The train maintenance workshops and the other Depot facilities, including the washing bay for cleaning of the trains and a sand-filling facility, are also complete. The trains are equipped with a sand dispensing mechanism, which deposits a special type of sand onto the rails to improve traction between the wheels and the rail when necessary.

At the Train Depot, Gautrain’s 24 train sets will be maintained, serviced cleaned, and securely stabled overnight. The adjacent Bus Depot will perform a similar function for Gautrain’s dedicated fleet of 125 luxury buses.

RAIL YARD AND TRACKWORKS



LAYING OF THE TRACKS FOR THE TRACK IN THE DIRECTION
OF RHODESFIELD



TRACK ALIGNMENT TOWARDS THE DEPOT FROM RHODESFIELD

The mainline test track section from north of Viaduct 3 to Viaduct 2 is complete and operational. With the civil construction works having been substantially completed from behind Linbro Park to Dale Road in Midrand, tracklaying operations are now well advanced along this entire section of the route. All trackwork and the stabling sidings within the Depot area are complete, energized and operational.

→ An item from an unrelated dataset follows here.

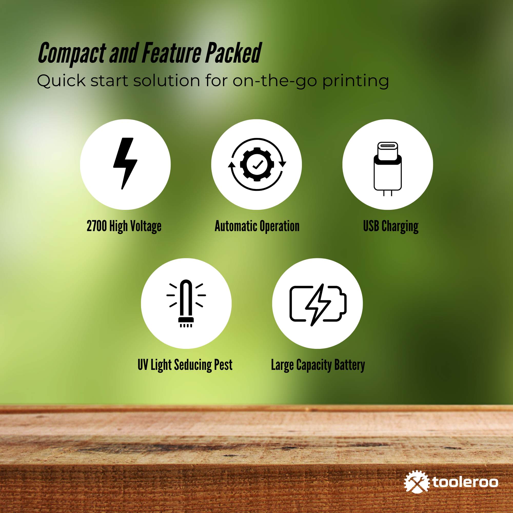 It is charged with the included mini-usb cable and has a large surface area that is used to zap the mosquitoes, flies and other flying insects alike.Â

The tracklaying operation is highly mechanised and utilises a wide range of specialised equipment such as works-trains, ballast wagons – which transport and place the crushed rock that forms the base below the sleepers – and equipment to transport and place rails and sleepers, ballast tampers and mobile flash butt welding equipment.

Rails for the Gautrain Trackwork have been manufactured in France and deliveries to site are ongoing. Gautrain will run on the international Standard Gauge, as opposed to the narrower Cape Gauge, which is currently the norm in South Africa.

At the two flash butt welding facilities currently in operation – one at the Depot and the other adjacent to the Marlboro tunnel portal - rails are welded into 216 metre long lengths, using high tech rail welding methods. The 216 metre long lengths of rail are then transported as required on specially equipped works-train wagons to the construction site as track laying progresses. Having been placed in position on concrete sleepers, these long lengths are joined together into a continuous length of rail, which eliminates the need for jointed gaps between rails.

RAIL CAR MANUFACTURING AND ASSEMBLY

Following a specialised construction and assembly process in Derby, UK, Gautrain’s first shipment of four completed rail cars arrived at the Depot in December 2008. The remaining eleven fully imported cars have been shipped to South Africa on a progressive basis, with the final consignment of cars having been dispatched towards the end of March. The completed four-car train sets will be tested on the test track adjacent to the Depot, where testing of the first train set is already in progress.

Following a successful skills transfer programme, local technicians are busy with the assembly of Gautrain rail cars at the Union Carriage and Wagon Partnership in Nigel.

Gautrain’s rolling stock of 96 rail cars is based on the renowned Bombardier Electrostar series, which is used extensively in the U.K. The first 15 rail cars, plus the body shells for the complete fleet, have been manufactured at Bombardier Transportation’s facility in Derby.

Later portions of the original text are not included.